Below is a listing with pictures. Repeat exactly the lines starting at the one holding "Strieborná PANDORA korálka" and going on through the one holding "국민의힘 43.3%, 더불어민주당", and leave every picture out.

▶ _Input data_
....
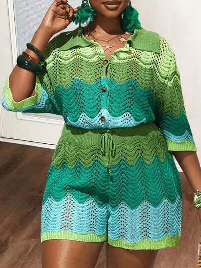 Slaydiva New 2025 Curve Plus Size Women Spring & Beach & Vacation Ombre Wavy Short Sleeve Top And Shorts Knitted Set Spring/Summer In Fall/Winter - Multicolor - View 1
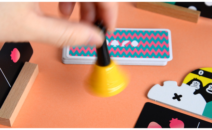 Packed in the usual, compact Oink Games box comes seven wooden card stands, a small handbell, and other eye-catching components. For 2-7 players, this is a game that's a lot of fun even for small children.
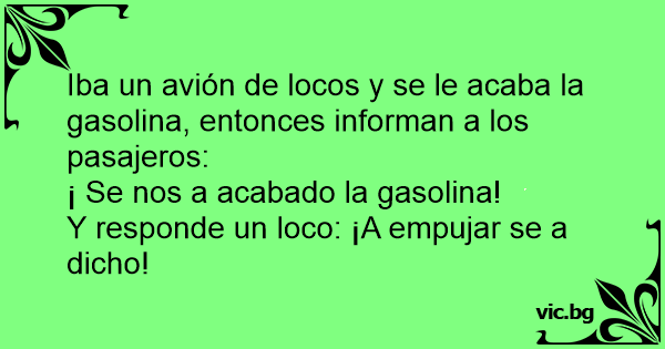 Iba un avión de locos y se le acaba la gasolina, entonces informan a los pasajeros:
....
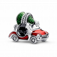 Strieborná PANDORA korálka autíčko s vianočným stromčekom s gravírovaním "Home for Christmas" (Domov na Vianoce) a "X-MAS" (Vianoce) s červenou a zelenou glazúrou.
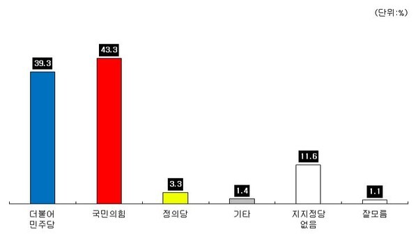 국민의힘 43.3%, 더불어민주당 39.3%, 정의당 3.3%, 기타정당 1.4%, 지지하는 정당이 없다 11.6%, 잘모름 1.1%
....
▶ _Solution to this problem_
 Strieborná PANDORA korálka autíčko s vianočným stromčekom s gravírovaním "Home for Christmas" (Domov na Vianoce) a "X-MAS" (Vianoce) s červenou a zelenou glazúrou.
 국민의힘 43.3%, 더불어민주당 39.3%, 정의당 3.3%, 기타정당 1.4%, 지지하는 정당이 없다 11.6%, 잘모름 1.1%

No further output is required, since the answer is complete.